## BRIEF:
Task for the records below: copy exactly, and only, the line containing "Impulsan en Magallanes" and every line after it to the end, with pictures left out.

## Data items:
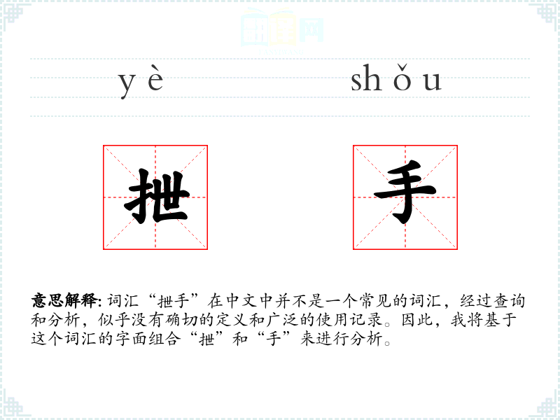 词汇“抴手”在中文中并不是一个常见的词汇,经过查询和分析,似乎没有确切的定义和广泛的使用记录。因此,我将基于这个词汇的字面组合“抴”和“手”来进行分析。
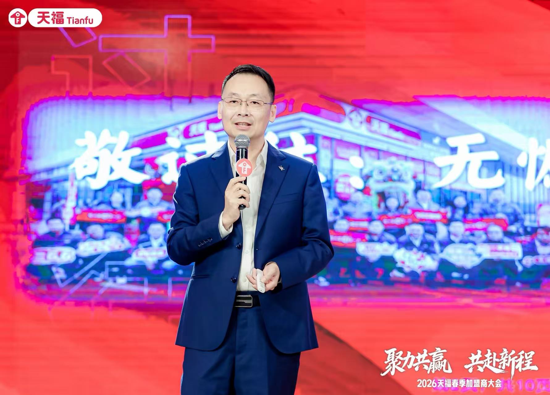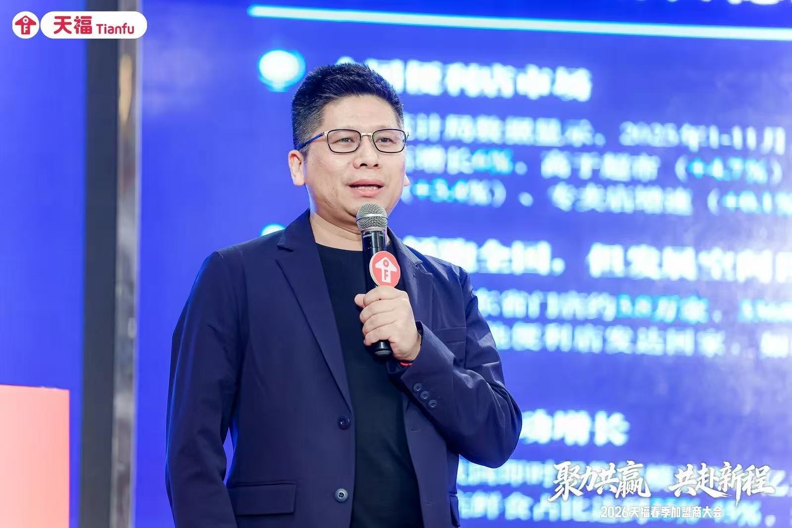 会上,天福集团常务副总裁成世恩先生发表开幕致辞,向莅临现场的各位嘉宾致以热烈欢迎,并向广大加盟商致以诚挚谢意,感谢大家与天福同心同德、携手并进,以深耕市场的坚守与实干,共同推动品牌发展。以 “三敬” 凝练天福的发展信念:敬过往,我们坚守初心,无憾耕耘便利店事业;敬当下,我们无惧竞争,积极应对市场挑战;敬未来,我们聚力同行,共赴崭新篇章。
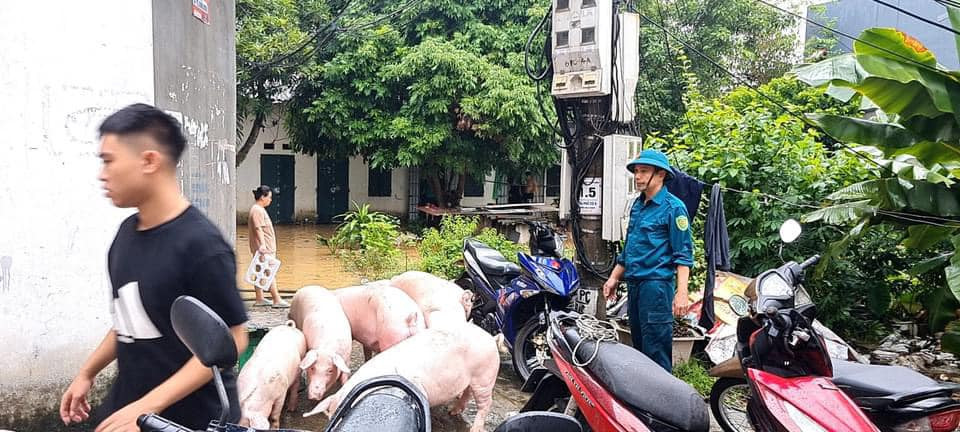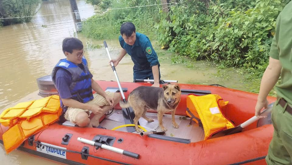 | Những chú chó, lợn đáng thương cũng được lực lượng chức năng cứu giúp. |
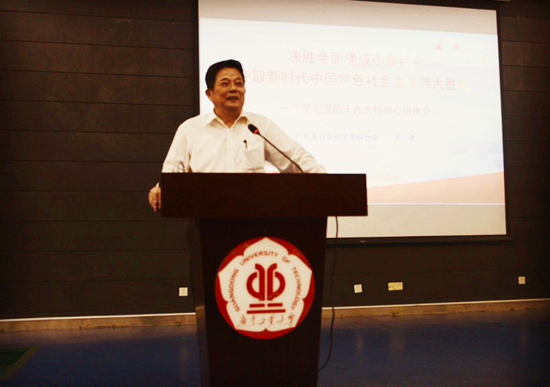 本网讯 11月14日下午,我校在大学城校园大讲堂圆弧报告厅召开党的十九大精神专题辅导报告。党的十九大精神广东宣讲团成员,广东省社会科学界联合会党组书记、主席王晓应邀作了题为“决胜全面建成小康社会,夺取新时代中国特色社会主义伟大胜利”的专题辅导报告。校党委书记、校长陈新主持报告会。
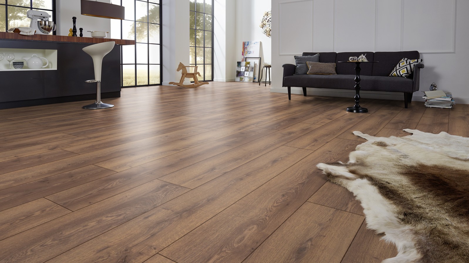 Страна производства Германия Коллекция ламината Mammut plus AC5/33 10 мм 4V Цвет Коричневый Класс пожарной опасности КМ 2 Производители ламината Kronotex Класс ламината 33 Толщина доски ламината 10 мм Размеры доски ламината 1845 х 244 мм Поверхность ламината глубокое тиснение совмещенное с рисунком древесины Упаковка ламината 1,800 м2, 4 доски, 16 кг Наличие фаски ламината 4х-сторонняя Тип рисунка ламината Имитация доски (1-полосный) Влагостойкость ламината Aqua Stop Порода дерева Дуб Срок эксплуатации ламината (в домашних условиях) 30 лет Замковая система Pic-Clik -
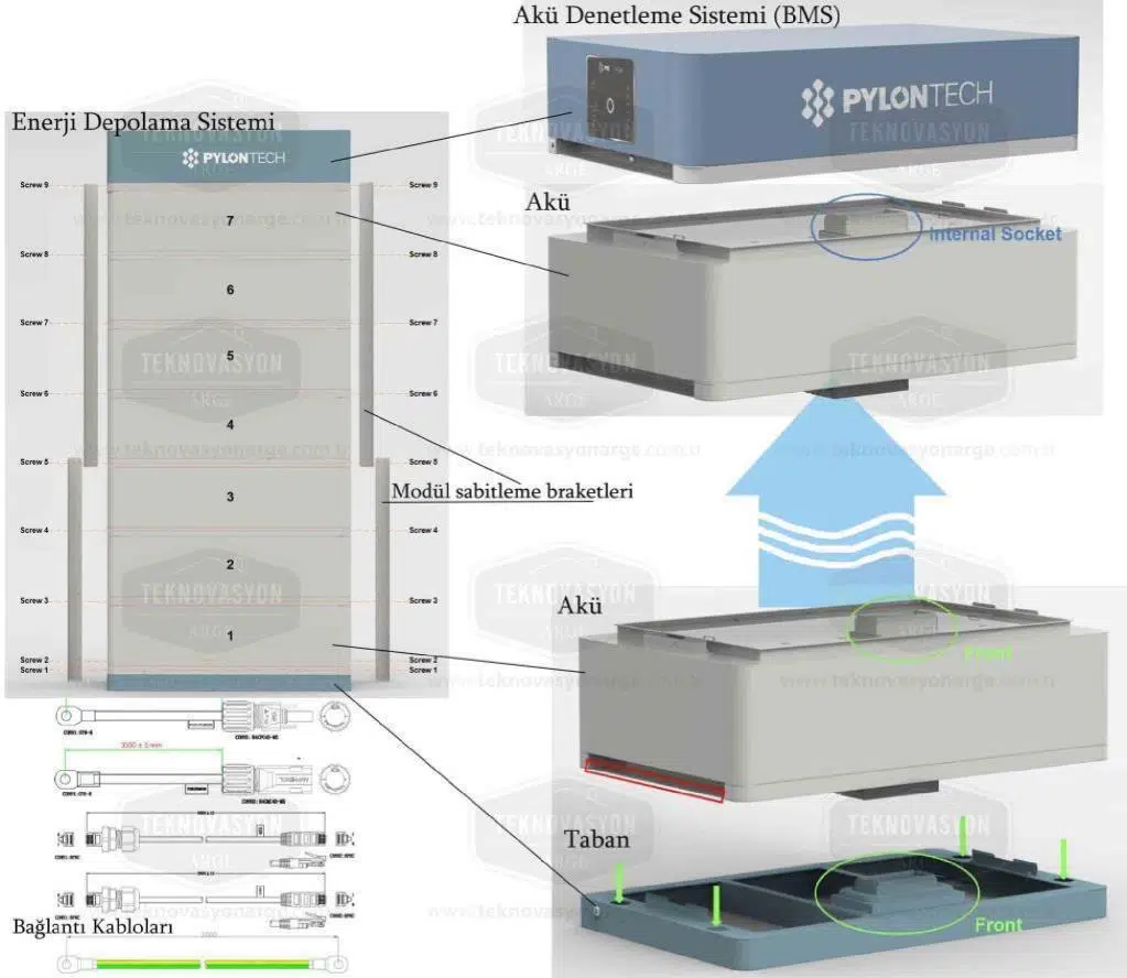| Etiketler | Pylontech FC0500-40 Akü Denetleme BMS, Taban, Kablolar, Force H1 için |
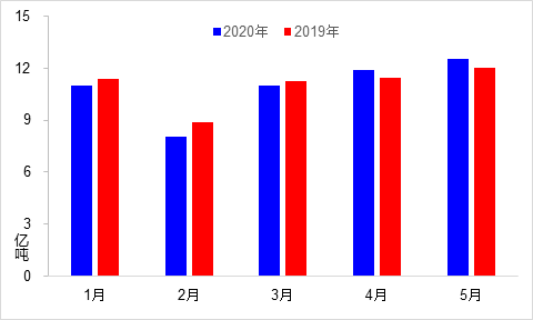 1-5月,完成貨運量157.3億噸,同比下降10.4%,其中公路貨運量下降12.0%、水路貨運量下降9.9%。
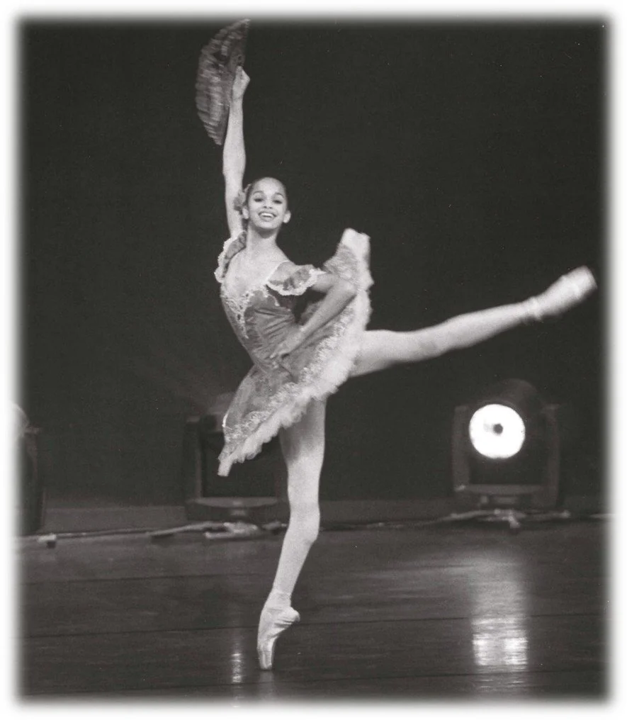 Cindy started a free class at the Boys and Girls Club Gym and invited a tiny girl sitting alone on the back bleacher to join the ballet class. It took weeks until this shy child climbed down and joined the class. Misty Copeland had no ballet training, was 13 years old and stood 4’10’’ and weighed 65 pounds when she took her first ballet class.
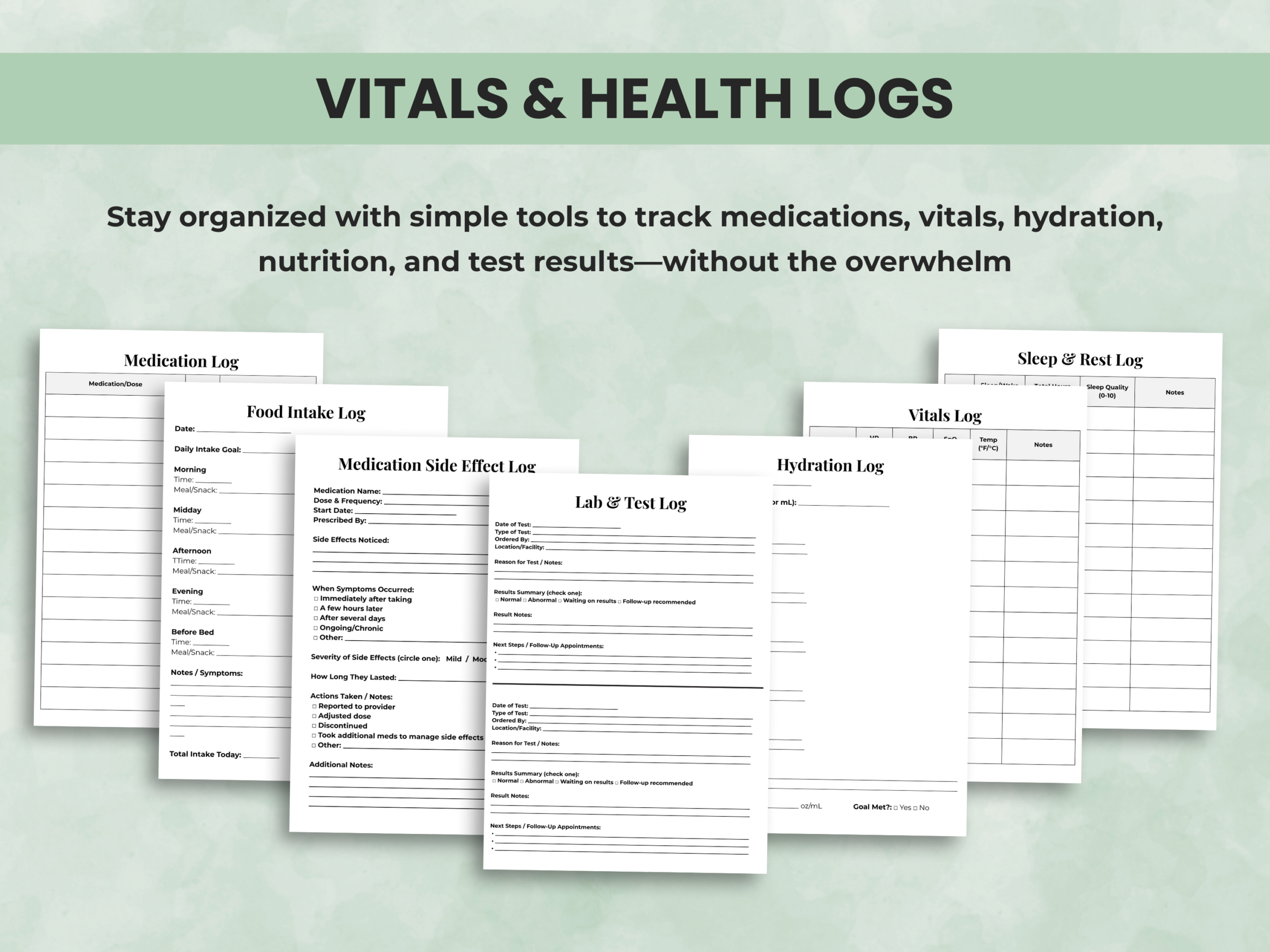 • Vitals, meds, supplements, hydration & food logs
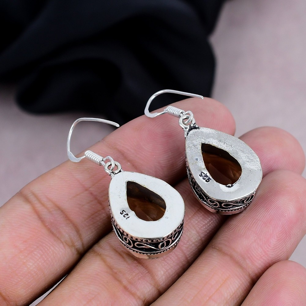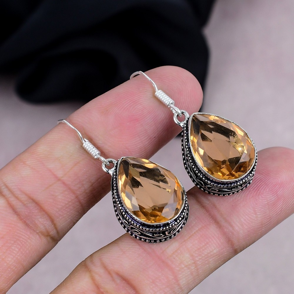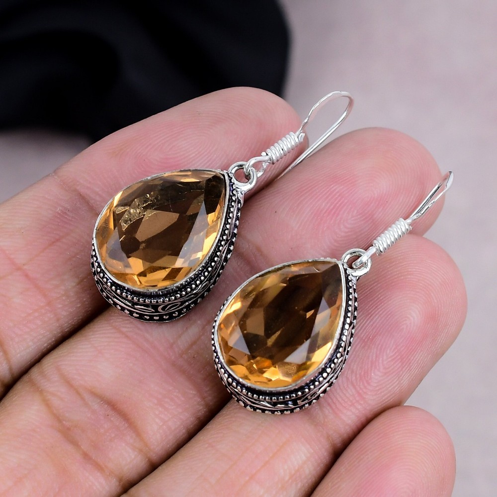 HomeExquisite Citrine Gemstone Dangle Earrings in Handmade Sterling Silver Jewelry
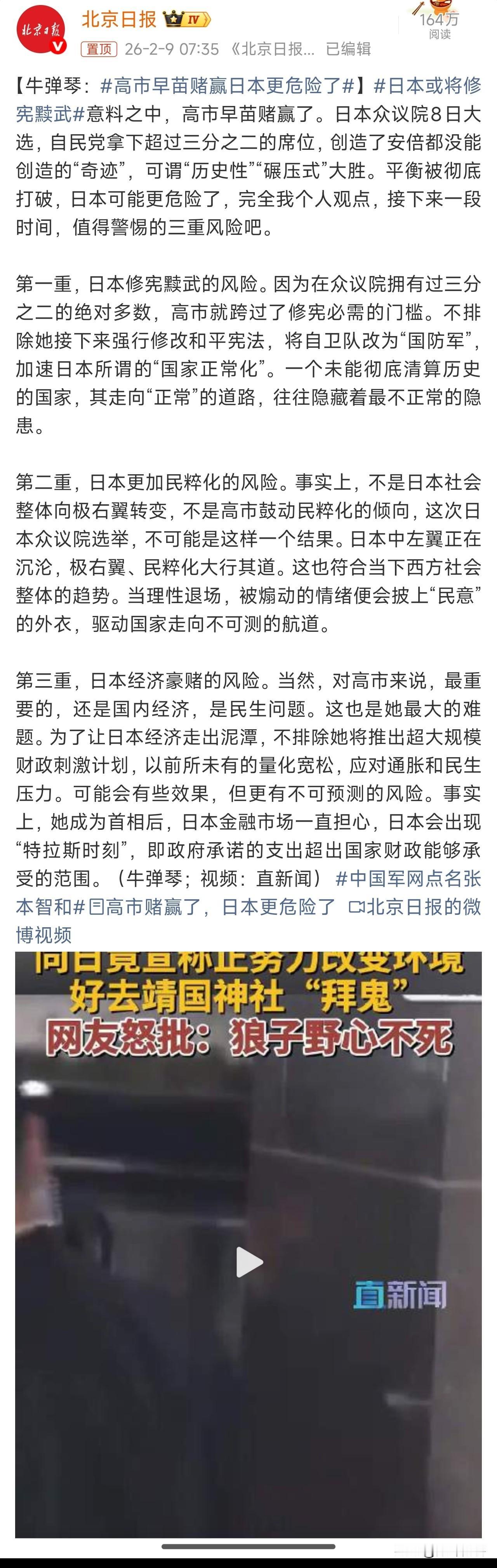 高市早苗赌赢日本更危险了,第一,高市早苗的赌赢,说明日本整个社会转向极右翼,军国主义已经不是复活、抬头的阶段了,而是要大肆地泛滥化了。 第二,日本政府几十年来的教育,都是在美化侵略史的基础上培养日本的年轻人。所以,日本整个社会弥漫着一种不是反思侵略史,而是反思当初的侵略怎么就失败了呢的思潮?他们怀念的是战败前的“日本帝国主义”时代! 第三,日本战败后,穷兵黩武的日本民族劣根性只是被更加强大的美国驻军暂时压制住了。但是,压制住并不等于彻底消灭了,根本也没有铲除,美国还在有意地扶持日本军国主义的重生。 第四,归根结底,二战之后,由于新中国实力并没有恢复到历史高峰,因此二战后的很多问题都没有力量和精力进行彻底地清算,自然也包括日本军国主义的彻底铲除。那么,如今的日本集体向右转,还要继续二战前的穷兵黩武的扩张军备的道路,那也是重新再给我们一次清算历史旧账的机会。所以说,如果再次清算历史旧账,一定不要心慈手软,一定要彻底铲除日本军国主义的毒根,重塑日本民族,解放日本人民!
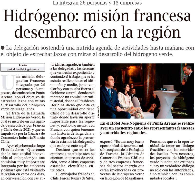 Impulsan en Magallanes alianza chilena francesa “Misión Hidrógeno Verde” - (La Prensa Austral)
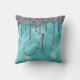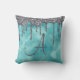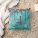 Girly Teal Silver Sparkle Glitter Drip Monogram Throw Pillow
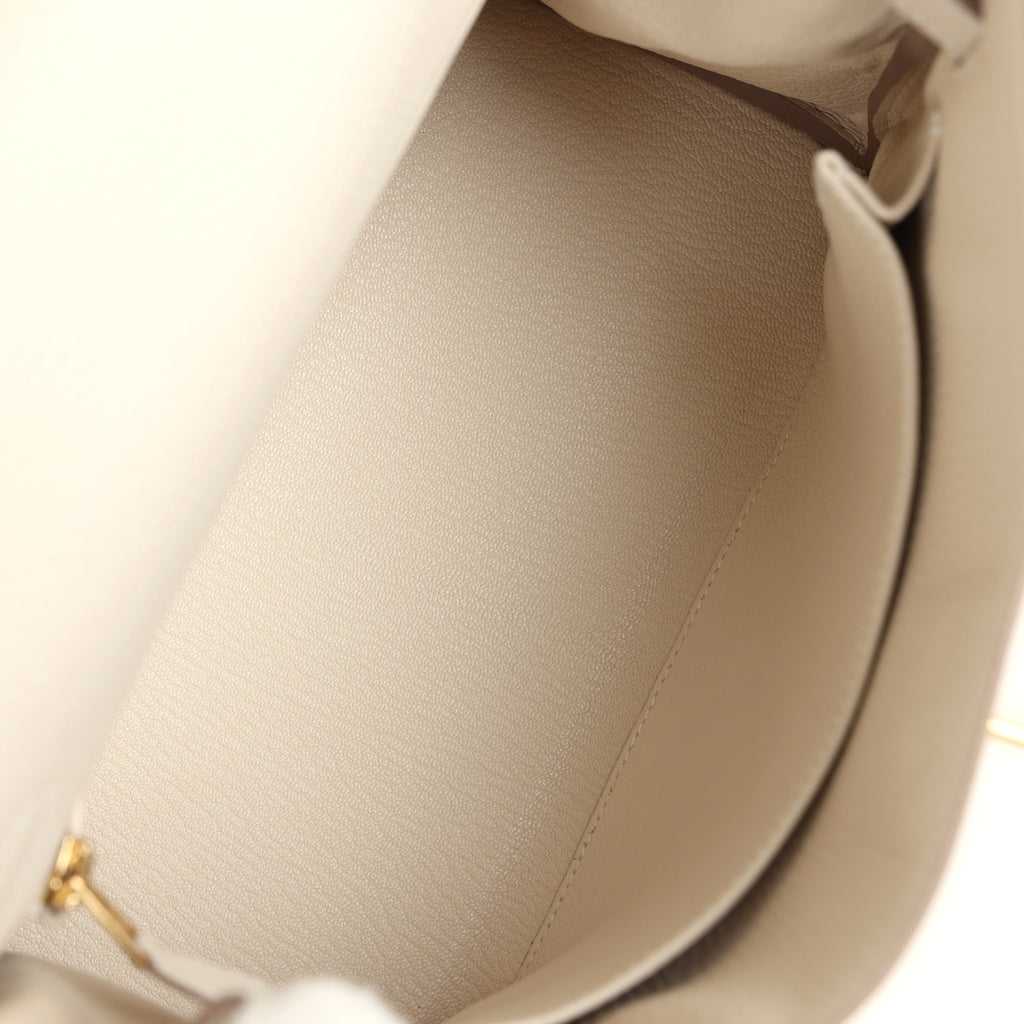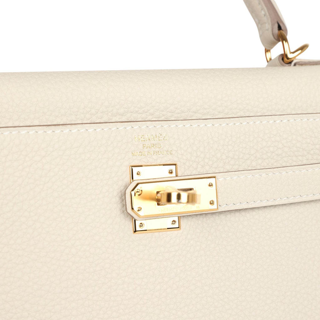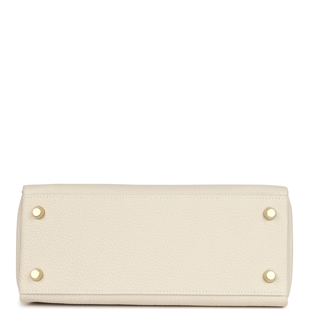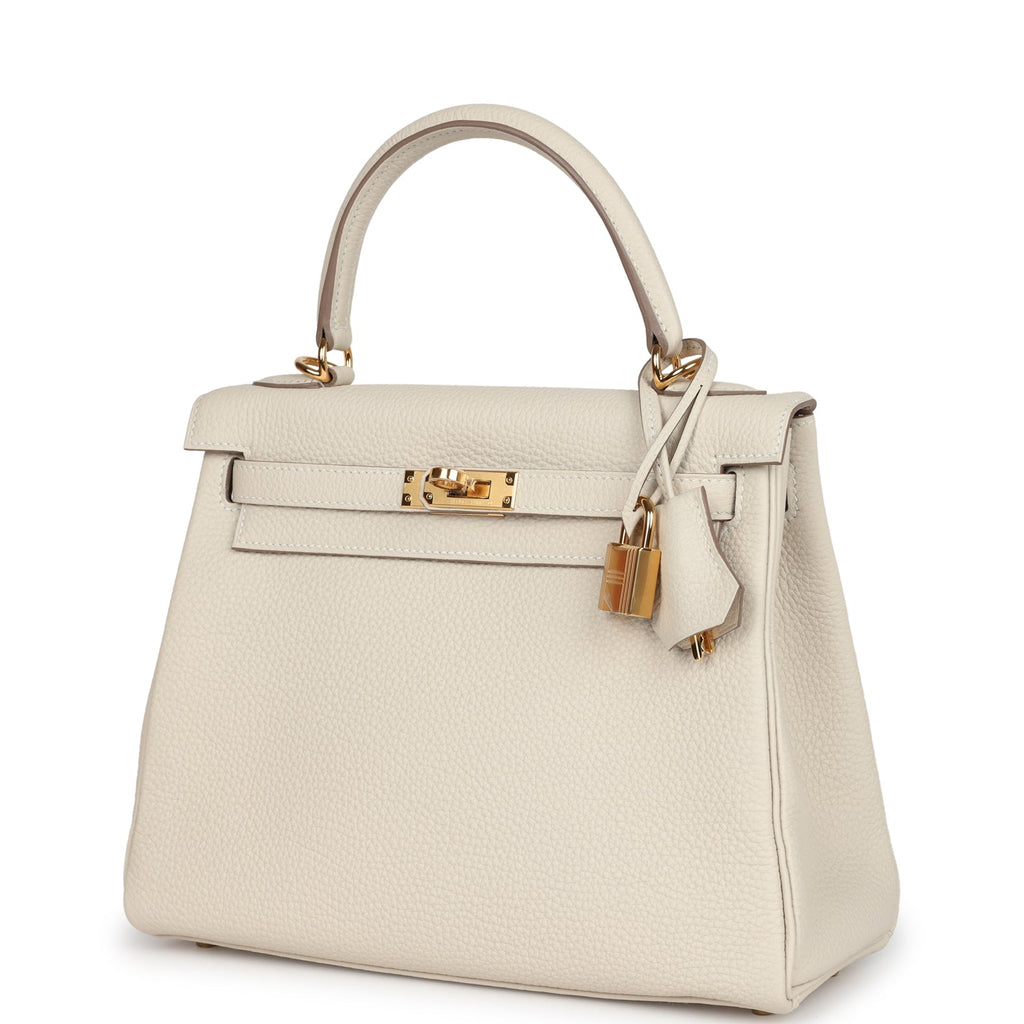 Hermes Kelly Retourne 25 Craie Togo Gold Hardware Shop for an authentic Hermes Kelly Retourne 25 in Craie togo leather with gold hardware in new and never worn condition at Madison Avenue Couture.

## RESPONSE:
 Impulsan en Magallanes alianza chilena francesa “Misión Hidrógeno Verde” - (La Prensa Austral)
 Girly Teal Silver Sparkle Glitter Drip Monogram Throw Pillow
 Hermes Kelly Retourne 25 Craie Togo Gold Hardware Shop for an authentic Hermes Kelly Retourne 25 in Craie togo leather with gold hardware in new and never worn condition at Madison Avenue Couture.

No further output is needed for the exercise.